> **TASK OBJECTIVE**: Could the entries below be reproduced exactly, with the images removed?

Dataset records
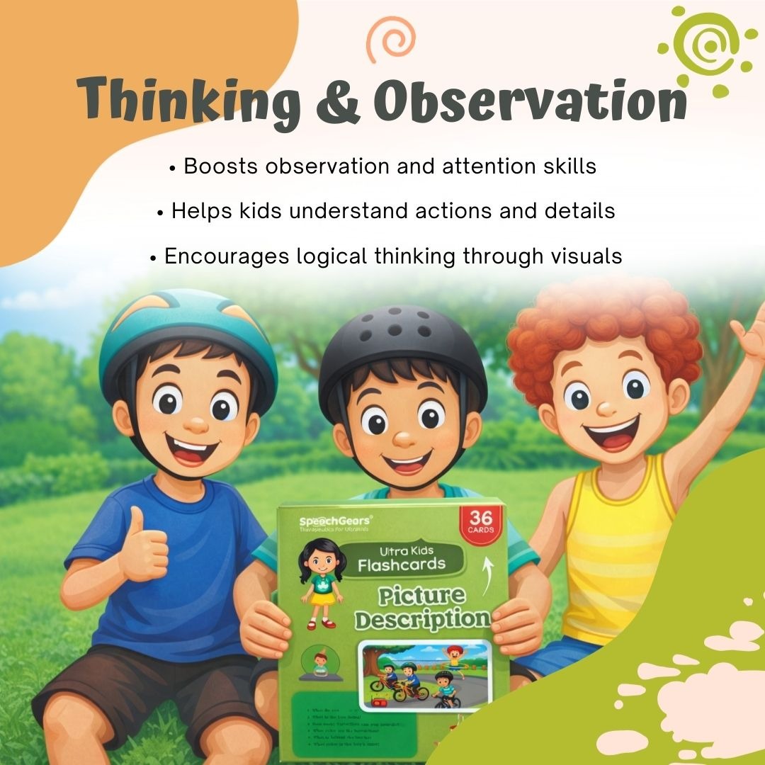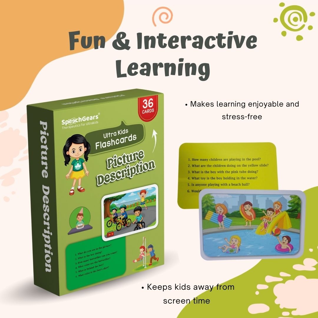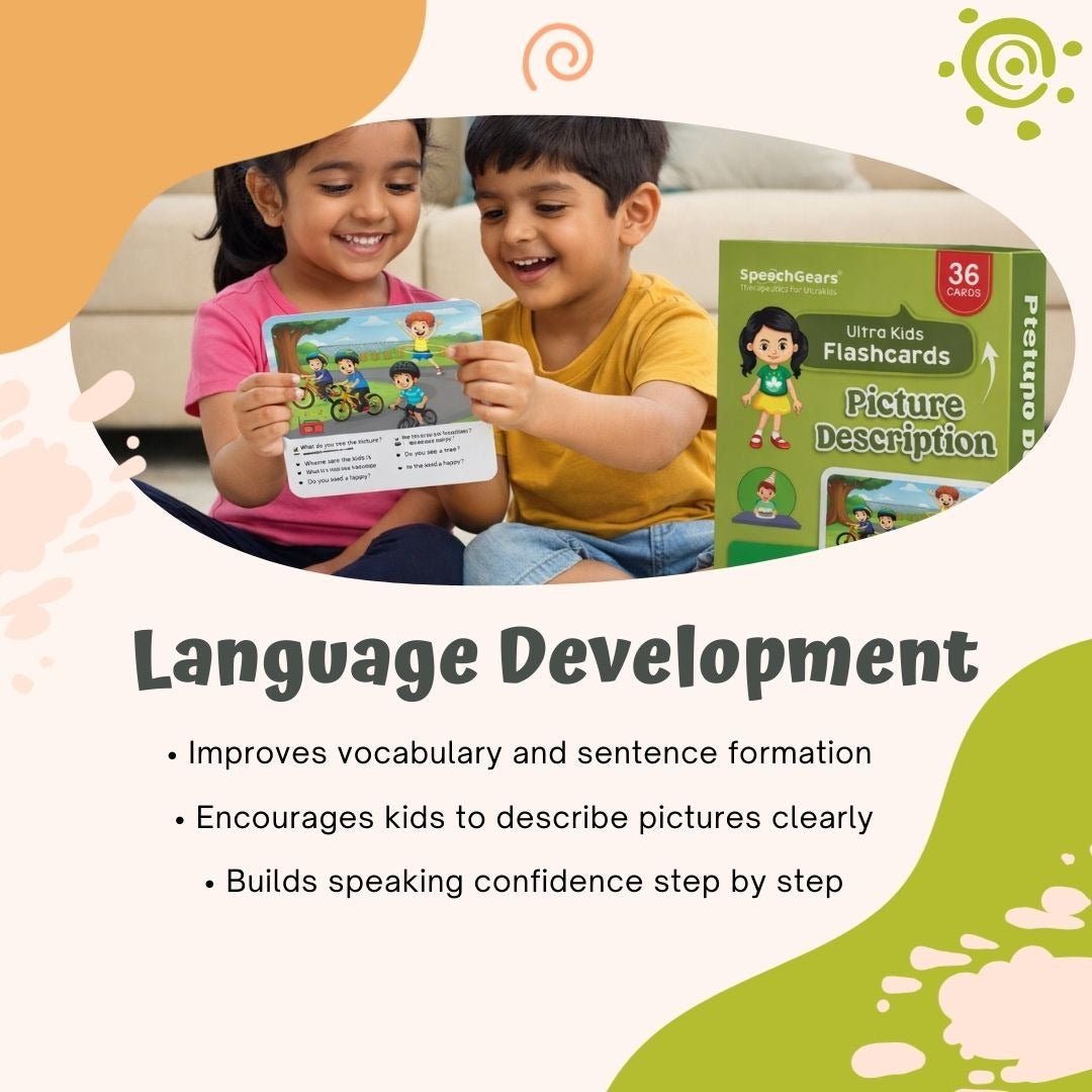 The Picture Description Cards by SpeechGears are a powerful speech and language development tool designed to help children improve their communication, observation, and storytelling abilities. Through engaging visual scenes and guided prompts, children learn to describe what they see, build meaningful sentences, and express ideas clearly.
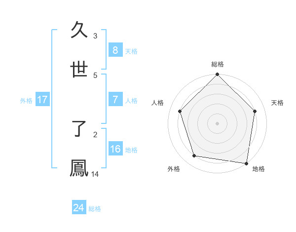 久世 了鳳さんを姓名の画数から五運を鑑定
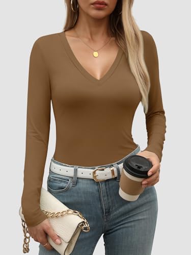 ATHMILE Womens Fall Deep V Neck Long Sleeve Shirts Modal Sli...
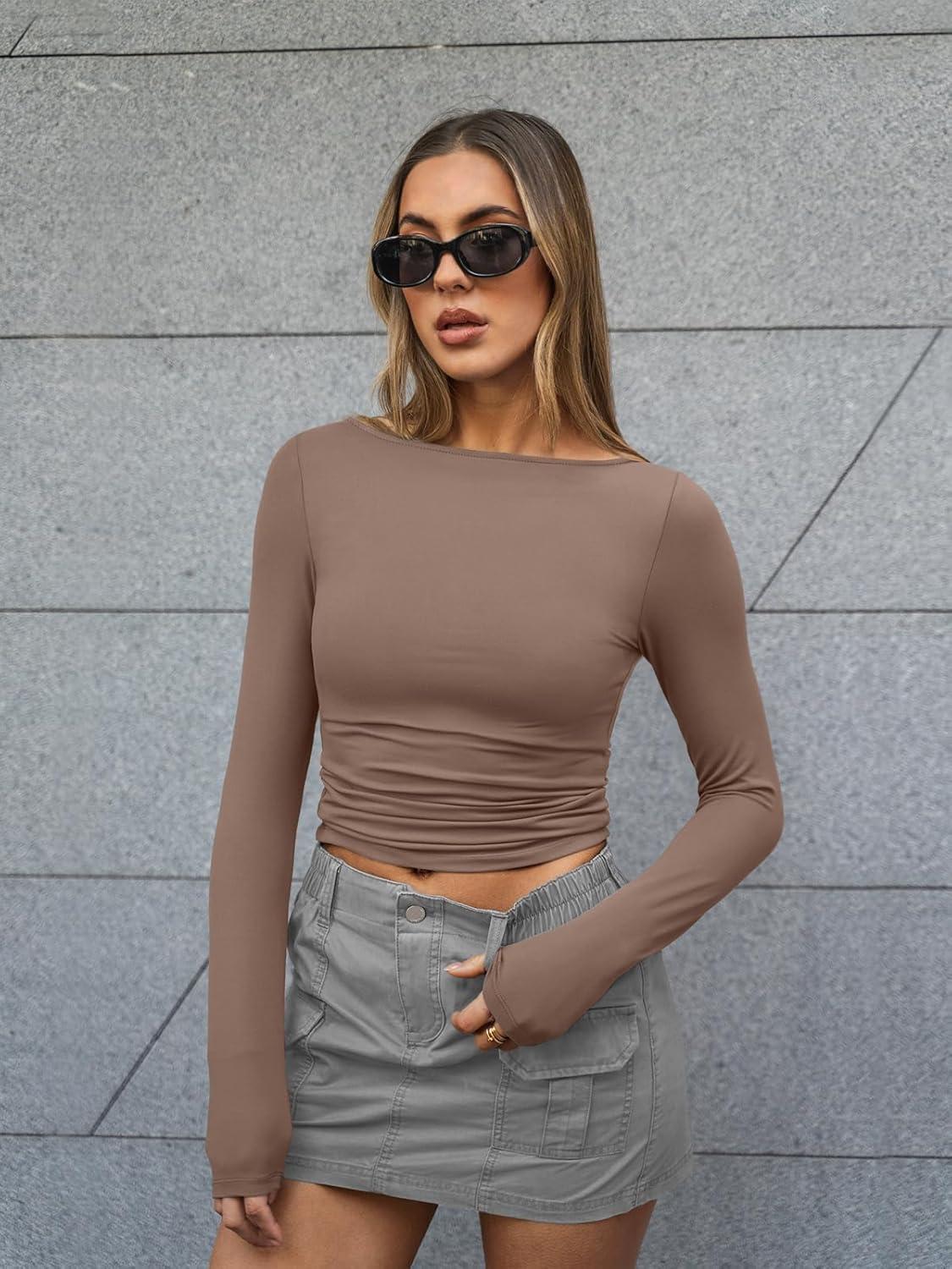 Trendy Queen Women’s Boat Neck Tops Long Sleeve Shirts Casual Fitted Tee Shirts Solid Color Fall Basic Clothes(Coffeegray)
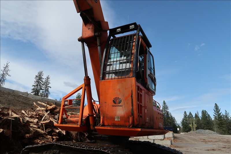 TRACK MOUNTED LOG LOADER, S/N: 1052-4HEEMRO, DOOSAN DIESEL ENGINE, S/N: 47910, JEWELL SL3612 BOOM/SWIVEL GRAPPLE MODEL 4051SLBR, 27-1/2" 2-STAGE TRACKS
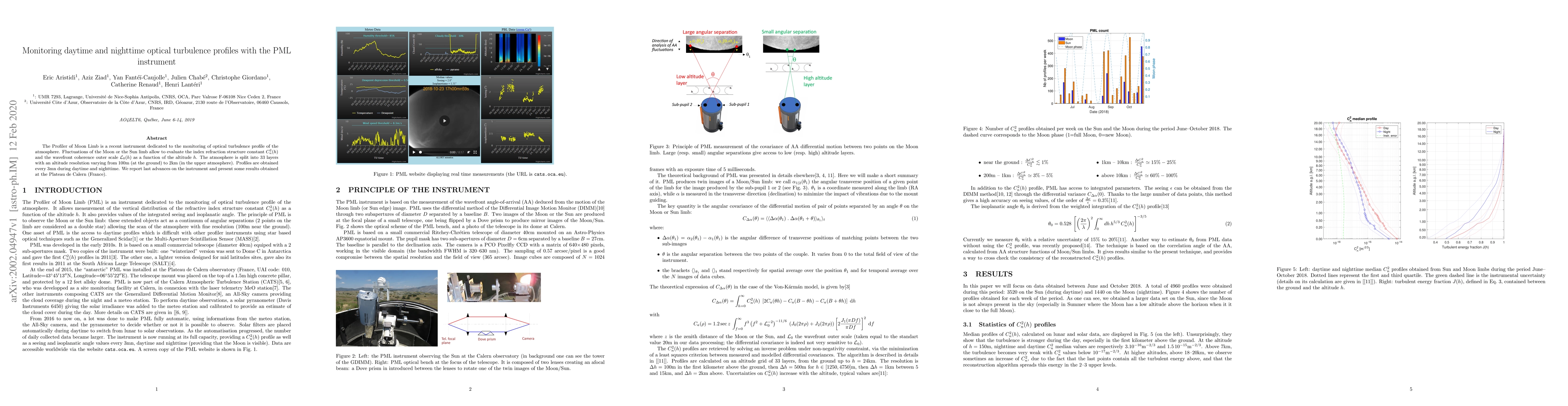 The Profiler of Moon Limb (PML) instrument monitors atmospheric optical turbulence profiles by evaluating the index refraction structure constant and coherence scale, with profiles obtained every 3 minutes during both day and night. Recent advances and initial results from the Plateau de Calern in France are reported.

> **RESPONSE FOR THIS EXERCISE**:
 The Picture Description Cards by SpeechGears are a powerful speech and language development tool designed to help children improve their communication, observation, and storytelling abilities. Through engaging visual scenes and guided prompts, children learn to describe what they see, build meaningful sentences, and express ideas clearly.
 久世 了鳳さんを姓名の画数から五運を鑑定
 ATHMILE Womens Fall Deep V Neck Long Sleeve Shirts Modal Sli...
 Trendy Queen Women’s Boat Neck Tops Long Sleeve Shirts Casual Fitted Tee Shirts Solid Color Fall Basic Clothes(Coffeegray)
 TRACK MOUNTED LOG LOADER, S/N: 1052-4HEEMRO, DOOSAN DIESEL ENGINE, S/N: 47910, JEWELL SL3612 BOOM/SWIVEL GRAPPLE MODEL 4051SLBR, 27-1/2" 2-STAGE TRACKS
 The Profiler of Moon Limb (PML) instrument monitors atmospheric optical turbulence profiles by evaluating the index refraction structure constant and coherence scale, with profiles obtained every 3 minutes during both day and night. Recent advances and initial results from the Plateau de Calern in France are reported.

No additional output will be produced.